Task requirements
Copy each line below exactly as it appears. Pictures are to be omitted.

Provided data

=== Begin Enclosure ===

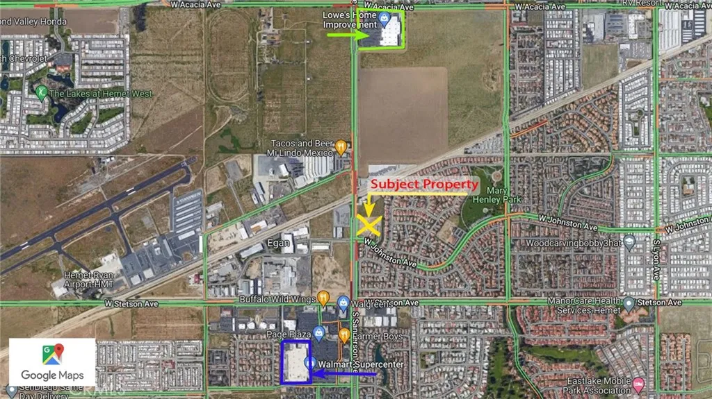 Major Commercial Corner, approx 3 acres. 4-way Signalized Intersection with frontage on major thoroughfare between Beaumont - Hemet- Temecula. Located on Sanderson w/ Super Walmart a block South and Lowes 2 blocks to the North. Buyer to do do a parcel map and split off unused acreage belonging to religious facility. Currently entire parcel with church building is 4.8 acres. Buyer to purchase approximately 2.5-3.5 acres for their own commercial development at $9.00/sqft. The future two parcels will share access rights. Very close to Hemet Ryan Airport and high growth area on West side of Hemet. A few blocks from Domenigoni Parkway which leads to Winchester Road and the I-215 freeway to Temecula.
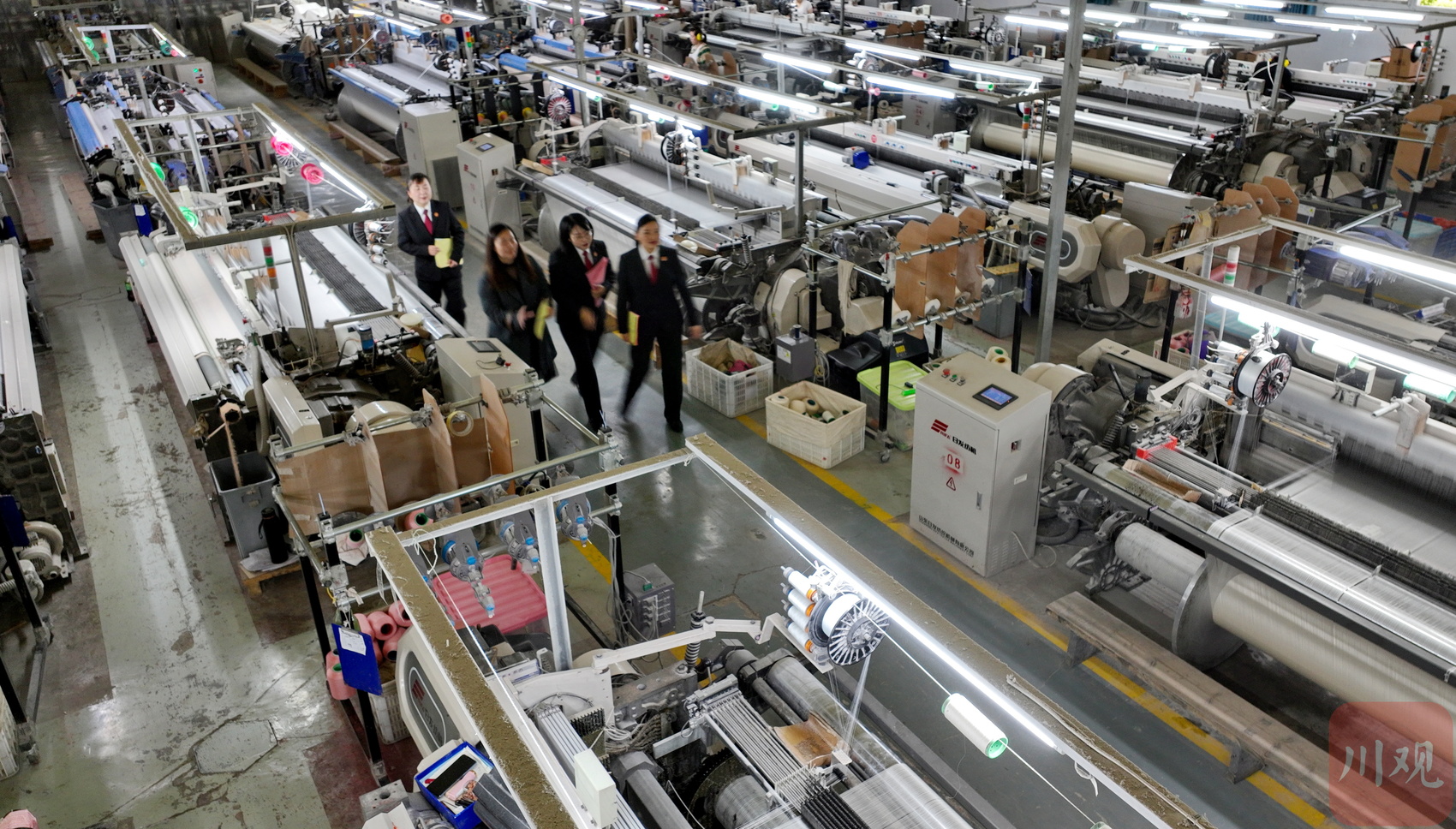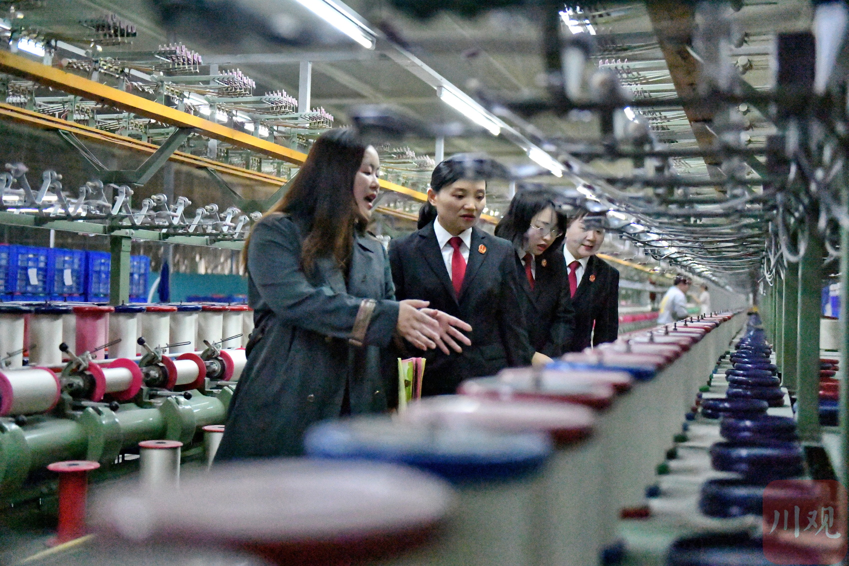2023年11月3日,在四川顺成纺织品有限公司生产车间,南充市嘉陵区人民法院的法官了解企业安全生产和经营状况以及存在的困难和问题,并进行普法宣传。
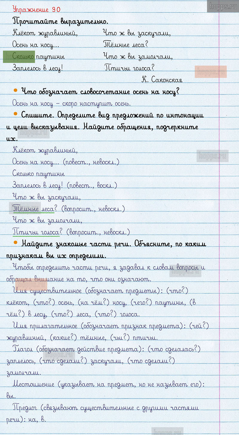 Подробные ответы к 90 упражнению 1 части учебника по русскому языку авторов В.П. Канакина, В.Г. Горецкий для учащихся 3 класса. Части речи.

=== End Enclosure ===

Result of the exercise
 Major Commercial Corner, approx 3 acres. 4-way Signalized Intersection with frontage on major thoroughfare between Beaumont - Hemet- Temecula. Located on Sanderson w/ Super Walmart a block South and Lowes 2 blocks to the North. Buyer to do do a parcel map and split off unused acreage belonging to religious facility. Currently entire parcel with church building is 4.8 acres. Buyer to purchase approximately 2.5-3.5 acres for their own commercial development at $9.00/sqft. The future two parcels will share access rights. Very close to Hemet Ryan Airport and high growth area on West side of Hemet. A few blocks from Domenigoni Parkway which leads to Winchester Road and the I-215 freeway to Temecula.
2023年11月3日,在四川顺成纺织品有限公司生产车间,南充市嘉陵区人民法院的法官了解企业安全生产和经营状况以及存在的困难和问题,并进行普法宣传。
 Подробные ответы к 90 упражнению 1 части учебника по русскому языку авторов В.П. Канакина, В.Г. Горецкий для учащихся 3 класса. Части речи.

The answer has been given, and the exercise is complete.